Friday is the 70th anniversary of the D-Day landings of Allied troops in Normandy, the largest amphibious invasion in history and a turning point in World War II. Here are some of the events held or planned around the United States and in France:
OBAMA HONORS WWII GENERATION AT NORMANDY
President Barack Obama visited the beaches at Normandy in what he called a "powerful manifestation of America’s commitment to human freedom" that lives on in a new generation. He spoke from the Normandy American Cemetery and Memorial, where nearly 10,000 white marble tombstones sit on a bluff overlooking the site of the battle’s most violent fighting at Omaha Beach. He described D-Day’s devastating scene in vivid terms, recalling that "by daybreak, blood soaked the water" and "thousands of rounds bit into flesh and sand." His speech came after he met privately with some of the dwindling number of surviving troops who fought Adolf Hitler’s Third Reich, along with those who have served since the terrorist attacks of Sept. 11, 2001.
DIGNITARIES, VETERANS TAKE TO NORMANDY
Several men who stormed Normandy’s shore 70 years ago joined world leaders in paying tribute to the 150,000 Allied troops who risked and lost their lives. "France will never forget what it owes these soldiers, what it owes the United States," French President Francois Hollande said at the Normandy American Cemetery. "Vive l’Amerique!

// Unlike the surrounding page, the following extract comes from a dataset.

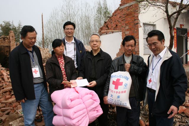 2008/04 Mr. Eddie Wong Yue-Kai, President of the Central Council and President of Directive Council, Macau Red Cross distributing rice and inspecting damages caused by blizzards in Hubei province -- img_1478.jpg
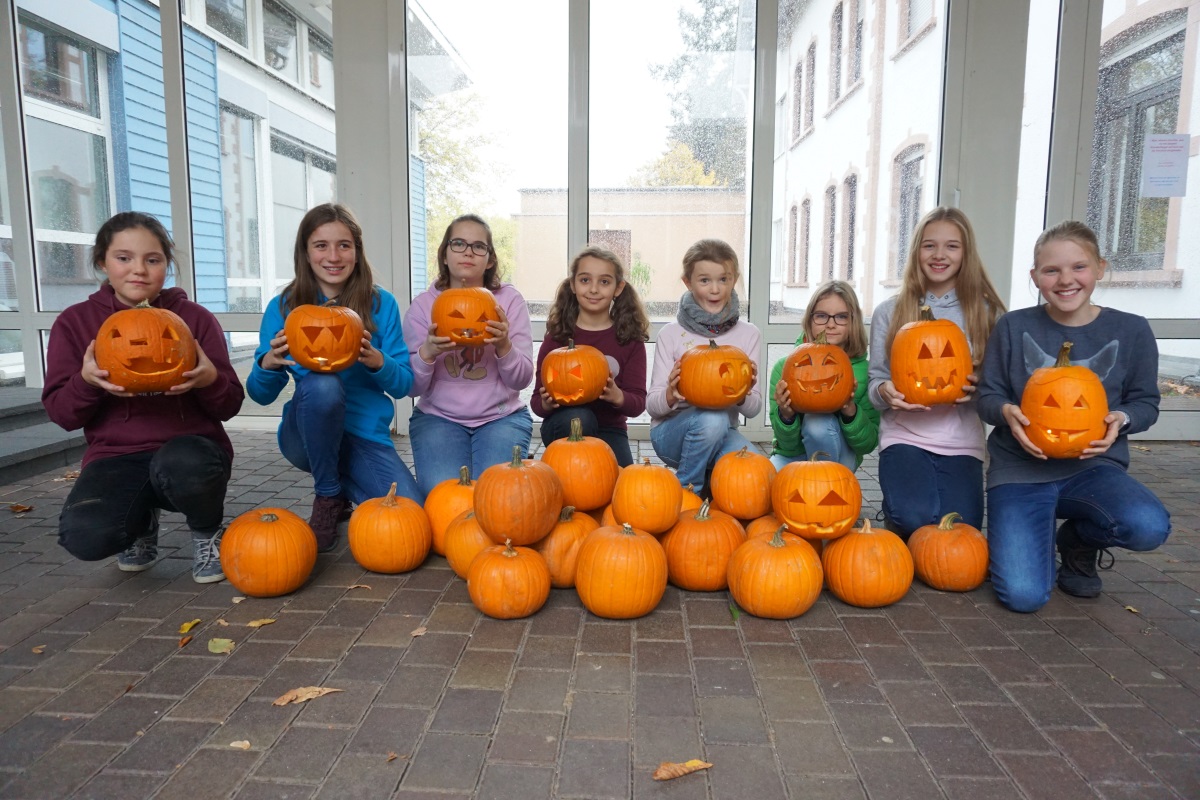 Bei uns stand heute nach der sechsten Unterrichtsstunde ein großes Kürbisschnitzen auf dem Plan. Die jungen Schülerinnen schnitzten was das Zeug hält. Mit ganzem Einsatz und Feinarbeit schnitten sie gruselige Grimassen in die kleinen Kürbisköpfe.

Vive la France! And long live the memory of those who fell here for our liberty." In all, 19 world leaders, more than 1,000 veterans and many others gathered to honor the troops and civilians who fell in mighty battles that helped bring Europe peace and unity. German Chancellor Angela Merkel and a few German veterans also took part in Friday’s ceremony, as a gesture of the European unity that the Allied victory brought.

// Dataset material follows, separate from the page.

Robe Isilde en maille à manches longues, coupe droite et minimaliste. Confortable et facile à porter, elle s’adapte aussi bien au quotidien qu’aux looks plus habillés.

US D-DAY VETS HONOR FALLEN COMRADES
The seven returning vets from the U.S. 29th Infantry Division and their family members raised a toast to those who died in the invasion. At 6:30 a.m., the precise hour that the first waves of infantry began wading ashore under a hailstorm of German machine gun and mortar fire, the men, most now in their 90s, raised glasses of bracing Calvados apple brandy to the memory of friends killed that day. Hundreds of onlookers crowded the beach, including many re-enactors in period army uniforms. Some drove vintage jeeps and armored vehicles like those that would have been seen 70 years ago. A military band of serving 29th division members played taps and "Amazing Grace" before the seven vets walked off the beach to the applause of hundreds of onlookers.
ROSE PETALS OVER LADY LIBERTY
France is saying "thank you" to the United States for its help in World War II. A pair of helicopters was showering a million rose petals on the Statue of Liberty in New York Harbor. The statue was a gift from France. Also, 130 French and American children will unfurl flags and sing the countries’ national anthems. A 21-gun salute will honor veterans of the war and commemorate the invasion that led to the liberation of France from Nazi Germany.

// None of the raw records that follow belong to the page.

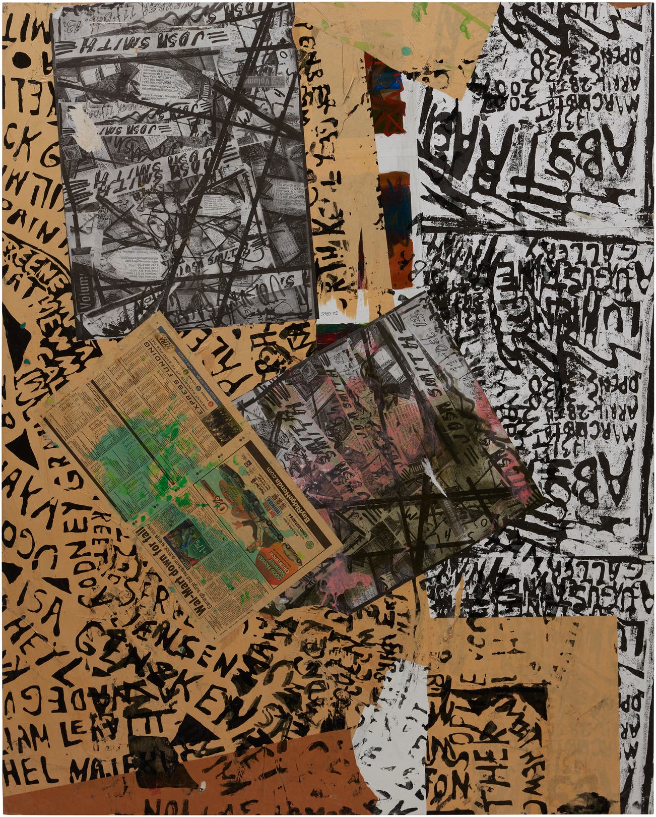 silkscreen, acrylic, paper and printed paper collage on panel
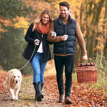 Juvale Wicker Picnic Basket Set for 4 with Utensils, Glasses, and Insulated Cooler Bag - Luxury Camping, Picnic Essentials and Outdoor Tableware for Family Gatherings
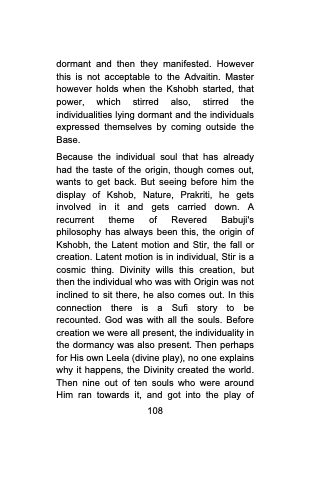 dormant and then they manifested. However this is not acceptable to the Advaitin. Master however holds when the Kshobh started, that power, which stirred also, stirred the individualities lying dormant and the individuals expressed themselves by coming outside the Base.
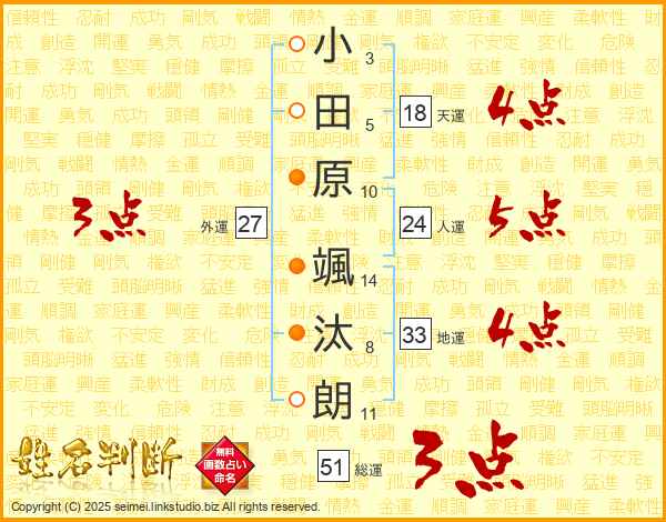 小(3画)田(5画)原(10画) 颯(14画)汰(8画)朗(11画)
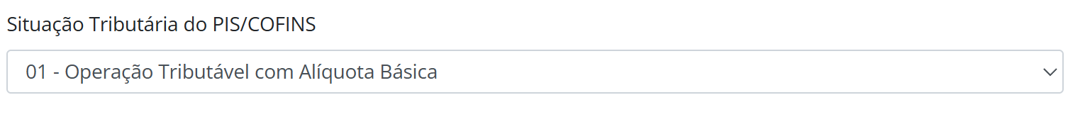 No campo Situação Tributária dos PIS/COFINS selecione 01 — Operação Tributável com Alíquota Básica

WREATH LAYING AT WWII MEMORIAL
The National Park Service and the Friends of the World War II Memorial will commemorate the anniversary with a ceremony and wreath laying at the World War II Memorial in Washington. D-Day veterans, along with representatives from the Allied Nations that participated in the Normandy Campaign, will take part in laying wreaths along the Memorial’s Freedom Wall. Participants also include Susan Eisenhower, granddaughter of Gen. Dwight D. Eisenhower, and Elliot "Toby" Roosevelt III, great-grandson of President Franklin D. Roosevelt.
AT THE WWII MUSEUM IN NEW ORLEANS
The National WWII Museum in New Orleans, which opened June 6, 2000, as The National D-Day Museum, planned two days of activities starting with a ceremony at 6:30 a.m. marking the hour at which Allied troops began slogging through waist-high surf. The ceremony included presentation of the French Legion of Honor to veterans who served in France. The French government decided several years ago that all U.S. World War II veterans who fought there or contributed to its liberation are eligible for the medal. A war game Saturday, with dice deciding success or failure of the players’ tactics, will take place on a diorama of Normandy’s beaches.